Data extracted from a collection:
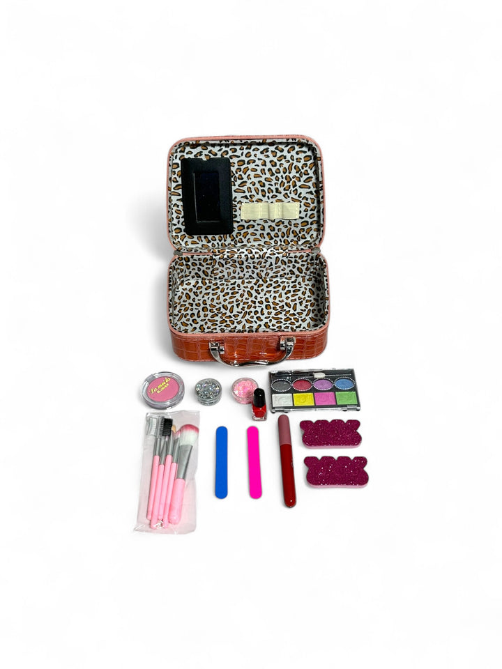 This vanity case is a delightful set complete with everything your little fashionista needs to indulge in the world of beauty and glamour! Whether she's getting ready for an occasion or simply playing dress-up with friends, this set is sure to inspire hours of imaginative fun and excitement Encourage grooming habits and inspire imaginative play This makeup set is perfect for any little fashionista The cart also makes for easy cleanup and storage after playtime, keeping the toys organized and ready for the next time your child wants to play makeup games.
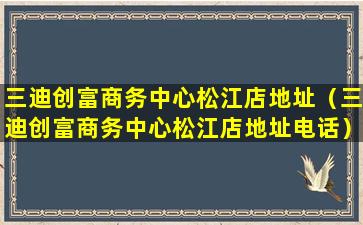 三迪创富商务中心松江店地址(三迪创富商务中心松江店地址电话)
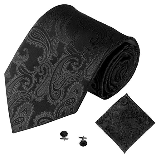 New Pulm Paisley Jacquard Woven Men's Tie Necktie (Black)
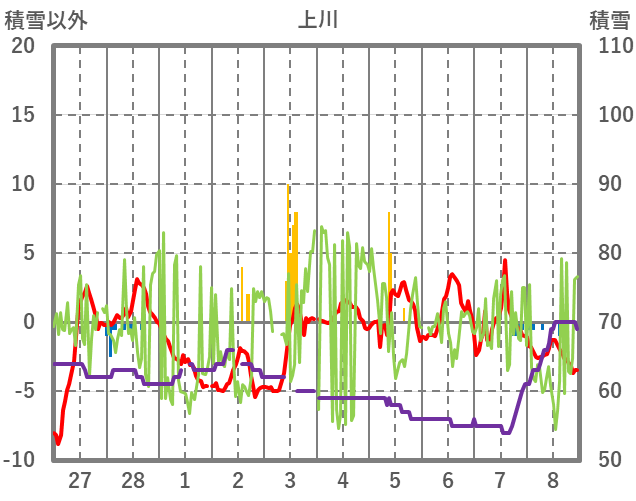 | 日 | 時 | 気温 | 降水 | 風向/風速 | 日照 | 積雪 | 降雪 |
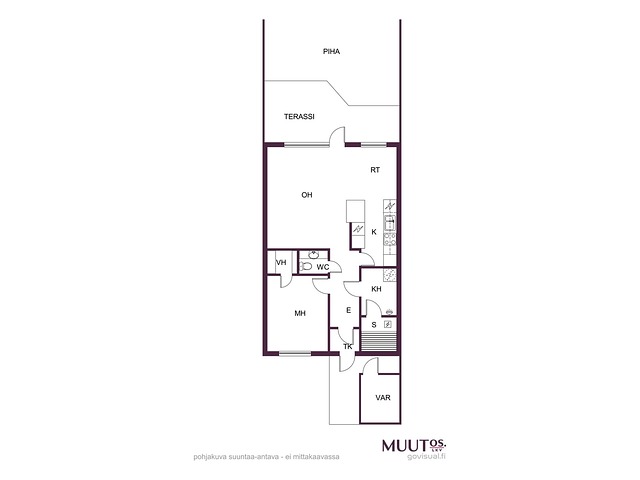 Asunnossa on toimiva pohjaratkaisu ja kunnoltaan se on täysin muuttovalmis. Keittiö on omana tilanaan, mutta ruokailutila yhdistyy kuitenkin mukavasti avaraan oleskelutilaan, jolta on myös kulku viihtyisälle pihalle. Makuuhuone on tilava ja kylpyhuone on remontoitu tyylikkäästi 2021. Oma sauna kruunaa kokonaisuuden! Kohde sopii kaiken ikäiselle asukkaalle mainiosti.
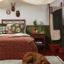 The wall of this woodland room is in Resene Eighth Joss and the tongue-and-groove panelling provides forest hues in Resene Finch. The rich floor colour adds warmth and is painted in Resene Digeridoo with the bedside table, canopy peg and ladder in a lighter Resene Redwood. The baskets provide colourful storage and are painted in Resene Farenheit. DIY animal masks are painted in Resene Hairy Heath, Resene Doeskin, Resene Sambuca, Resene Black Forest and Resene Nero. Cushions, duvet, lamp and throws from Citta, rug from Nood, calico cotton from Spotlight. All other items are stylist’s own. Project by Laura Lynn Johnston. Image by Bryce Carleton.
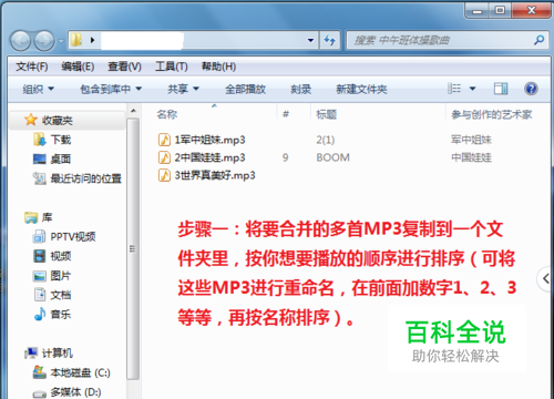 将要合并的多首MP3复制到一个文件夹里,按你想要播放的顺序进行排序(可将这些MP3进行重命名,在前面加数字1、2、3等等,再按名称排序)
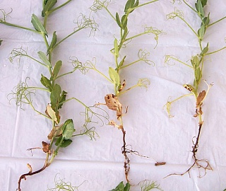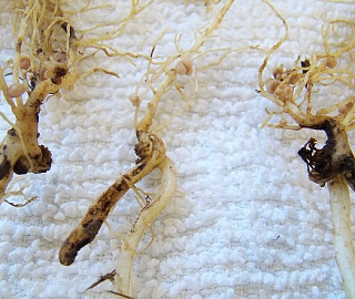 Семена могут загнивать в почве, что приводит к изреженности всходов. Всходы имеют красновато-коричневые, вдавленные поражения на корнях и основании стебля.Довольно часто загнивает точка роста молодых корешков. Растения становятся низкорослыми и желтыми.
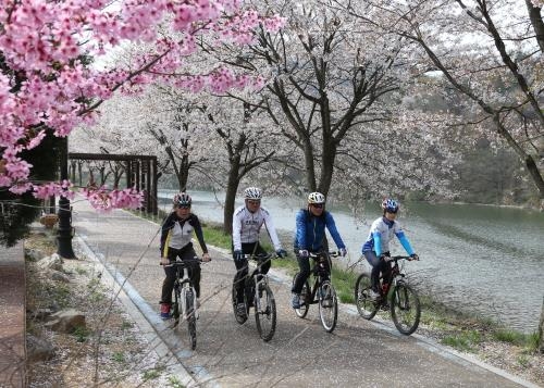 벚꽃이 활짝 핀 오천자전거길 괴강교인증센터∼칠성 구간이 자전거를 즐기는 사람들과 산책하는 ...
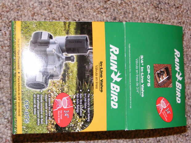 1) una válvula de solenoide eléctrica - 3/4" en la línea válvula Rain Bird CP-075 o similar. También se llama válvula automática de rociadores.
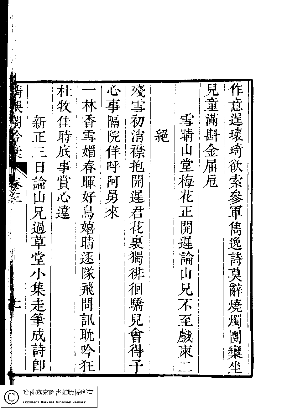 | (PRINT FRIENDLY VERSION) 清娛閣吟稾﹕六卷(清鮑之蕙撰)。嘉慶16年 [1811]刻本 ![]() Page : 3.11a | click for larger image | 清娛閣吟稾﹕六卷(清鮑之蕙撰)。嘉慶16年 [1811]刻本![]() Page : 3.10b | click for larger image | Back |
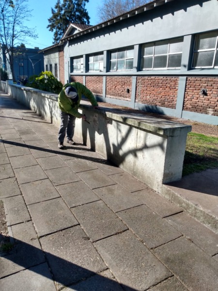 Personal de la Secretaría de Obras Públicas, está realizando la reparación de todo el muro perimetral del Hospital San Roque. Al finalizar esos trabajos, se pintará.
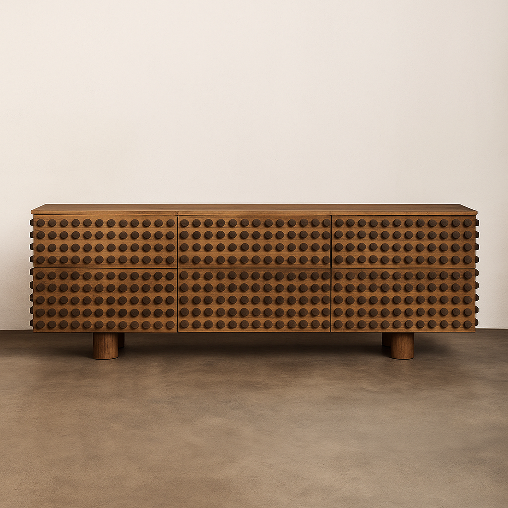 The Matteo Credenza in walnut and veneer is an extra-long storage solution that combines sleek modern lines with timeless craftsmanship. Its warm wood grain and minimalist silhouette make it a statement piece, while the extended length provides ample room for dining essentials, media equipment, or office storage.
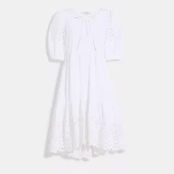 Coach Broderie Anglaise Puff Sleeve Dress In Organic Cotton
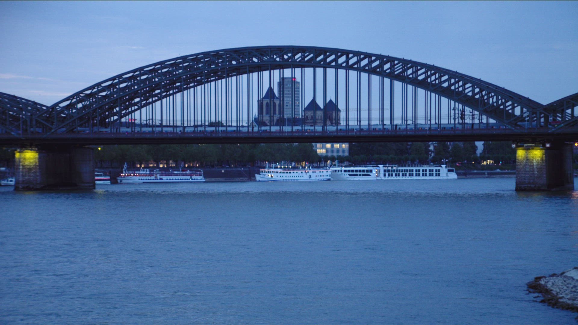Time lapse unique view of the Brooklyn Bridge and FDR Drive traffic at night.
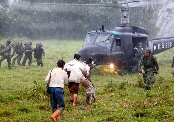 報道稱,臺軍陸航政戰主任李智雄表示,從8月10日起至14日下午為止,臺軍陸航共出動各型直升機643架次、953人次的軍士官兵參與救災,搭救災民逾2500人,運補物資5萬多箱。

Directions for this task: For this exercise, reproduce exactly the lines of the records above from the one with "三迪创富商务中心松江店地址(三迪创富商务中心松江店地址电话)" up to and including the one with "1) una válvula", without pictures.

Result of the task:
 三迪创富商务中心松江店地址(三迪创富商务中心松江店地址电话)
 New Pulm Paisley Jacquard Woven Men's Tie Necktie (Black)
 | 日 | 時 | 気温 | 降水 | 風向/風速 | 日照 | 積雪 | 降雪 |
 Asunnossa on toimiva pohjaratkaisu ja kunnoltaan se on täysin muuttovalmis. Keittiö on omana tilanaan, mutta ruokailutila yhdistyy kuitenkin mukavasti avaraan oleskelutilaan, jolta on myös kulku viihtyisälle pihalle. Makuuhuone on tilava ja kylpyhuone on remontoitu tyylikkäästi 2021. Oma sauna kruunaa kokonaisuuden! Kohde sopii kaiken ikäiselle asukkaalle mainiosti.
 The wall of this woodland room is in Resene Eighth Joss and the tongue-and-groove panelling provides forest hues in Resene Finch. The rich floor colour adds warmth and is painted in Resene Digeridoo with the bedside table, canopy peg and ladder in a lighter Resene Redwood. The baskets provide colourful storage and are painted in Resene Farenheit. DIY animal masks are painted in Resene Hairy Heath, Resene Doeskin, Resene Sambuca, Resene Black Forest and Resene Nero. Cushions, duvet, lamp and throws from Citta, rug from Nood, calico cotton from Spotlight. All other items are stylist’s own. Project by Laura Lynn Johnston. Image by Bryce Carleton.
 将要合并的多首MP3复制到一个文件夹里,按你想要播放的顺序进行排序(可将这些MP3进行重命名,在前面加数字1、2、3等等,再按名称排序)
 Семена могут загнивать в почве, что приводит к изреженности всходов. Всходы имеют красновато-коричневые, вдавленные поражения на корнях и основании стебля.Довольно часто загнивает точка роста молодых корешков. Растения становятся низкорослыми и желтыми.
 벚꽃이 활짝 핀 오천자전거길 괴강교인증센터∼칠성 구간이 자전거를 즐기는 사람들과 산책하는 ...
 1) una válvula de solenoide eléctrica - 3/4" en la línea válvula Rain Bird CP-075 o similar. También se llama válvula automática de rociadores.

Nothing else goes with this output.